1. Keep up to date with each state’s tax requirements
Businesses need to keep up to speed on all the changes made by states and municipalities each year. These changes include rate increases/decreases as well as new sales taxes added to jurisdictions and boundary changes.

2. Establish processes for water tight record keeping
The best way to stay compliant is to keep up to date on filing sales tax returns and payments (quarterly or monthly, depending on the state’s requirements) and keep accurate and detailed sales records.

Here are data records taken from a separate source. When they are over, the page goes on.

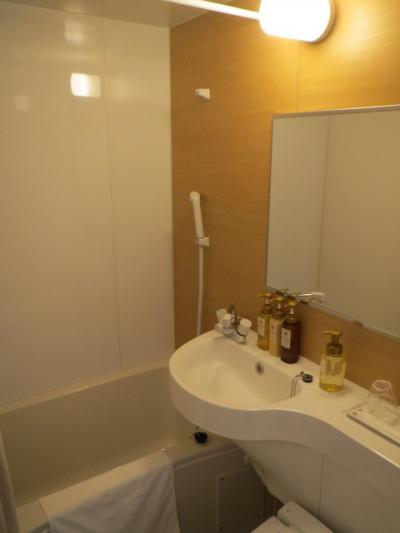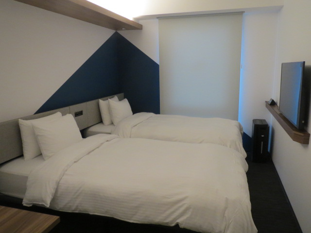 9階建てのホテルで、周囲に喫茶店や食堂、駅構内のコンビニ、温泉入浴施設があって便利。すぐ近くに有料の駐車場もあります。宿泊した部屋は最上階のツイン。二人では狭く感じる。デスクはないのでデスクワークには不向き。壁掛けのテレビは大型で見やすい。時間制限ではあるが、アルコールも含めたウエルカムドリンクがあるのは嬉しい。二階の温泉大浴場があってくつろげます。コスパがいいホテルです。
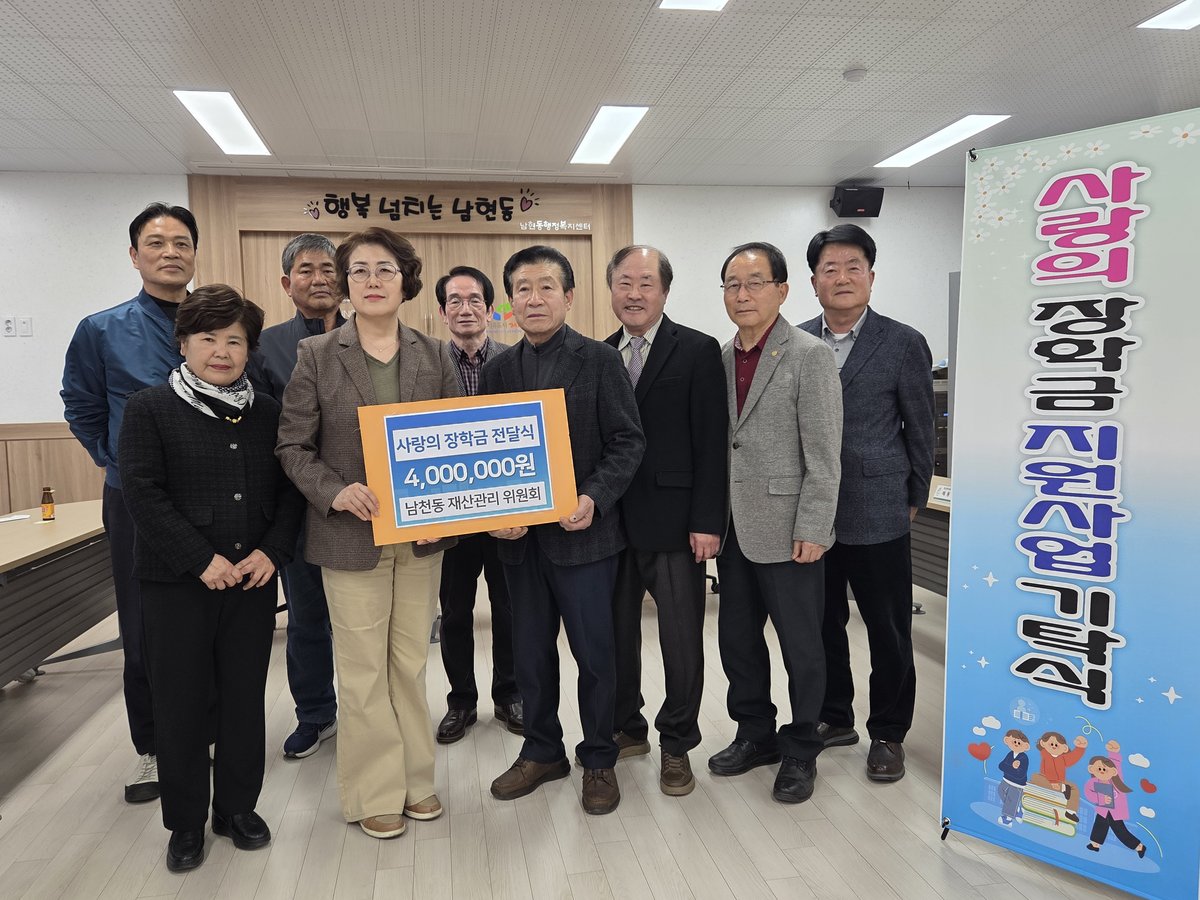 남천동재산관리위원회는 지난 26일 남현동행정복지센터를 방문해 지역 내 어려운 환경 속에서도 학업에 매진하고 있는 학생들을 위해 써달라며 장학금 400만원을 전달했다.
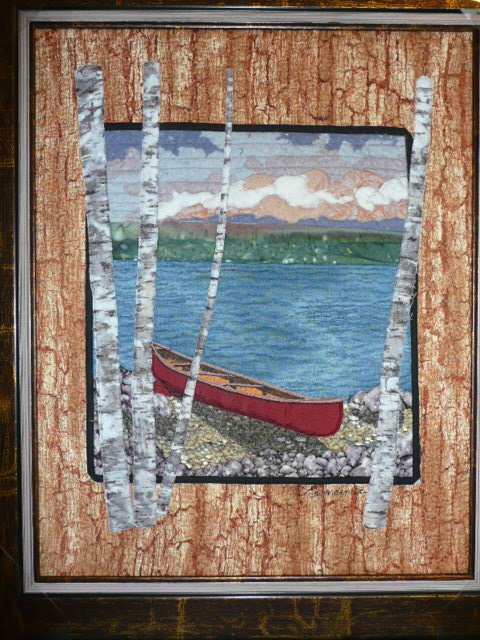 My challenge for this quilt was to completely make the sky up using only dryer lint! I built the canoe out of 3 different fabrics. |
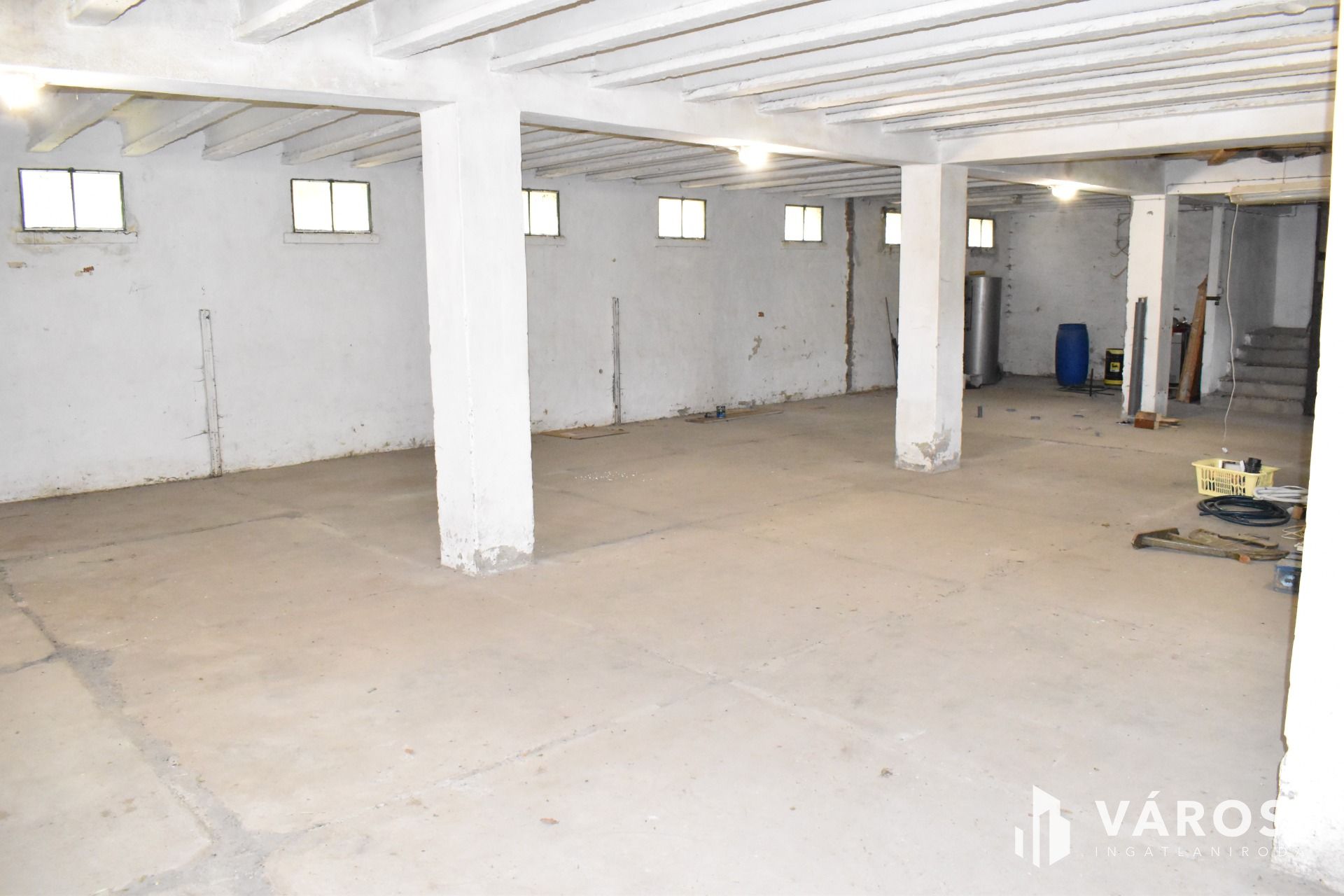 The building on the property was constructed in the 1960s, is structurally impeccable, with brick walls and a reinforced concrete frame. The building previously operated as a grain storage and drying facility. Thanks to its owner, continuous improvements have been made in recent years, including replacement of the water pipes, the entire electrical network, and the installation of 'industrial electricity' (3x50A), which currently operates at residential rates. It is suitable for the installation of a solar panel system. The main building’s roof has been renovated, and mains drinking water has been connected. On the ground floor, a cozy studio apartment (with kitchen, bathroom, and toilet) has been created. Heating is provided by wood-burning, air conditioning with heating/cooling function, and other electric heating options. Spaces for a washing machine, dishwasher, extractor fan, refrigerator, TV, and audio equipment have been set up; hot water is provided by an electric boiler. For goods loading, a large gate has been structurally prepared, with supporting pillars and a lintel. Additionally, foundations and sewage piping have been prepared for a few ‘wet’ rooms.
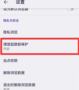 3、在设置界面中,点击“增强型跟踪保护”
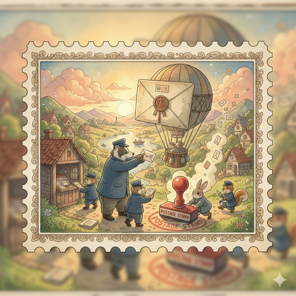 - 해석: 우편 요금 지불을 증명하기 위해 편지 봉투에 붙이는 작은 종이.
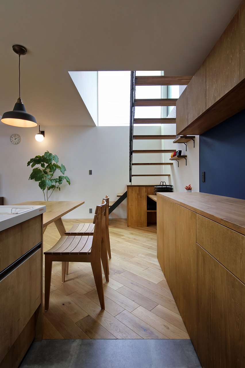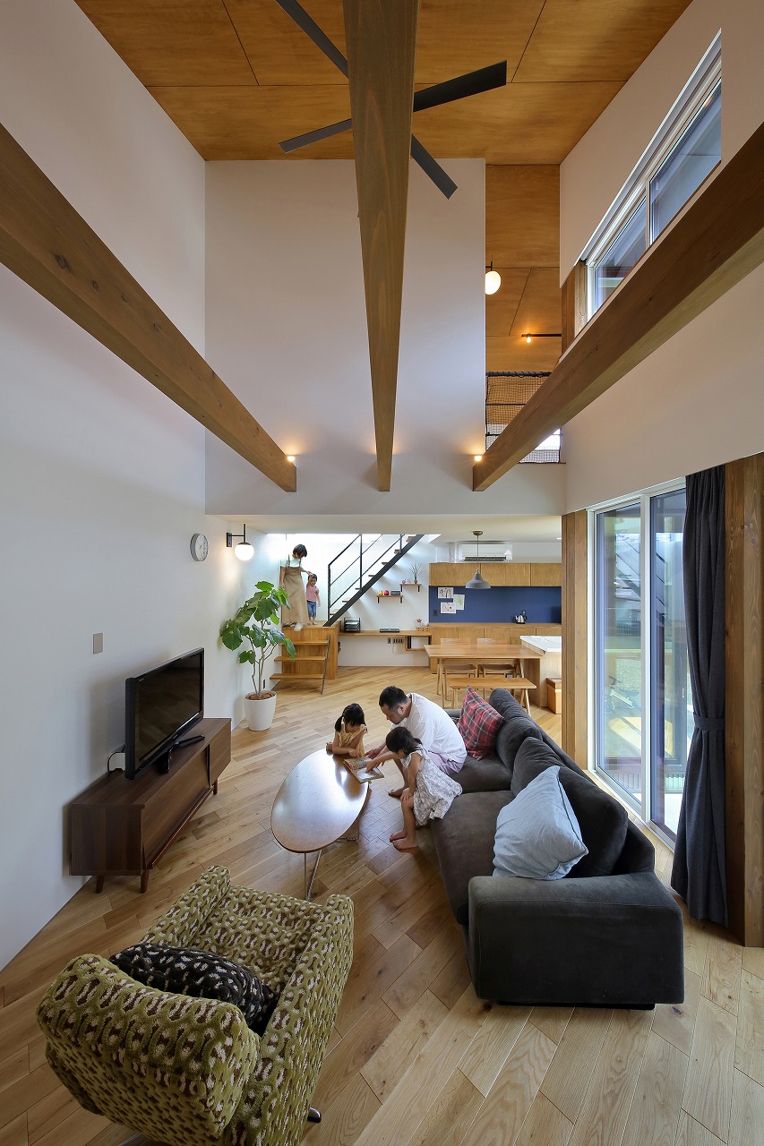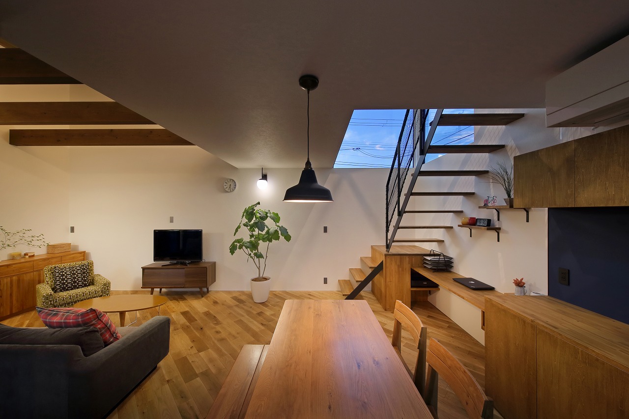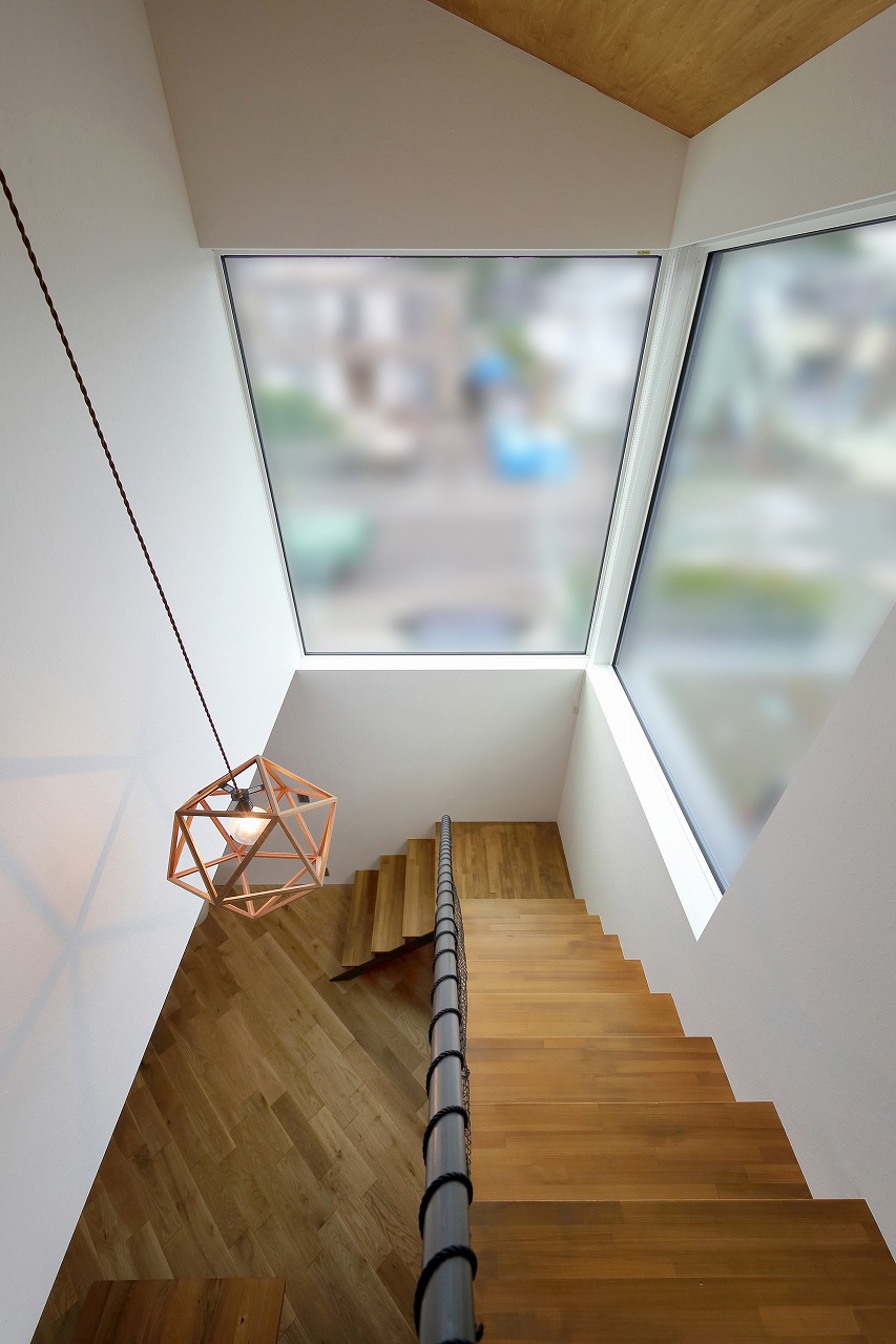 街並みの抜けを意識したリビングアクセスの階段は安定した北側採光を室内に注ぐ意味でも効果的です。2階のプライベートルームはワンルームとし、将来の間仕切りによって個室化される予定です。リビング上部の吹き抜けからは採光を得ることはもちろん、2階とのつながりや開放感をもたらしてくれます。
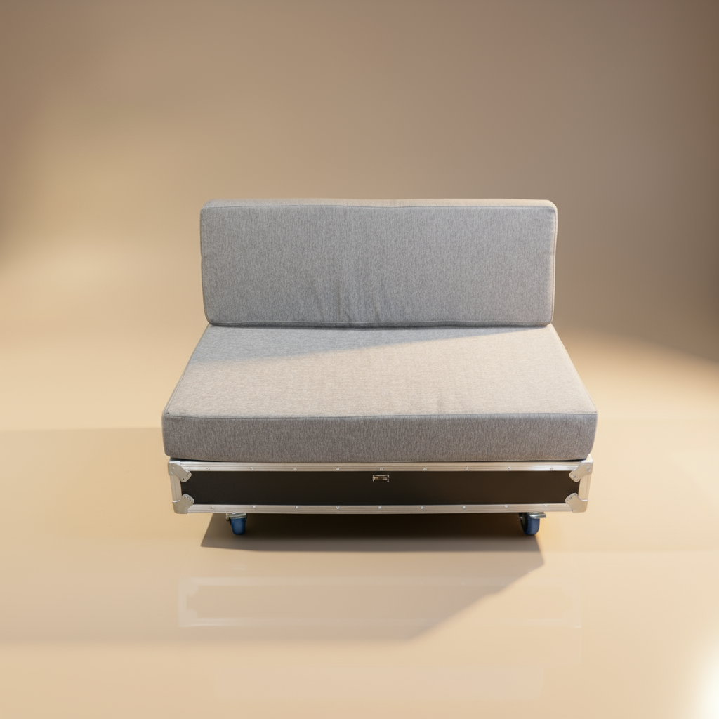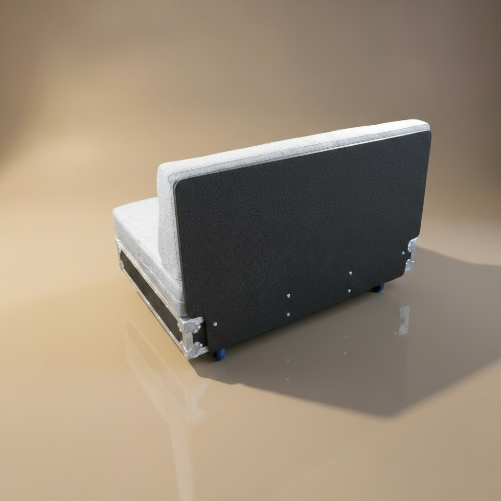 Das Flightcase Sofa verbindet Industrial Style mit modernem Design und bietet maximale Flexibilität. Gefertigt aus originalen Flightcase-Materialien – Birkenmultiplex, Aluminiumprofile und Metallecken – ist es extrem robust, langlebig und authentisch.

What records do businesses need to keep?

  • Sales invoices
  • Paid bills
  • Contracts
  • Purchase orders
  • Register tapes
  • Bank statements
  • Cancelled cheques and similar original documents
  • Depreciation schedules and other fixed asset records
  • Documents supporting tax-exempt sales, such as resale and other exemption certificates
  • Freight bills indicating shipments to addresses across states

If this sounds long or complicated, unfortunately it is!

Keeping records and preparing and filing sales tax returns can be a major headache, particularly for small businesses. Tax automation can help reduce this tedious, labour intensive task and can save money in the long run.

3. Understand your Nexus requirements
Every state has the right to define who has to collect sales tax, what those taxes are and any allowable exemptions. However, there are limits to how states can define nexus. Merchants must have a connection to a state in which a customer resides for the merchant to be liable for sales tax. However, states define nexus in different ways, which can make the process confusing.

The way you deliver goods sold in transactions can also have a huge impact on your tax obligation. Many European businesses selling in the US use drop shippers to deliver goods, creating complicated tax obligations. Using any third party, whether it is a drop shipper, supply chain, or online affiliate, can trigger nexus for your business.


4. Plan to use Geolocation over Zip Codes
While the US Postal Service has established ZIP Codes for mail delivery, tax jurisdictions do not generally follow ZIP Codes.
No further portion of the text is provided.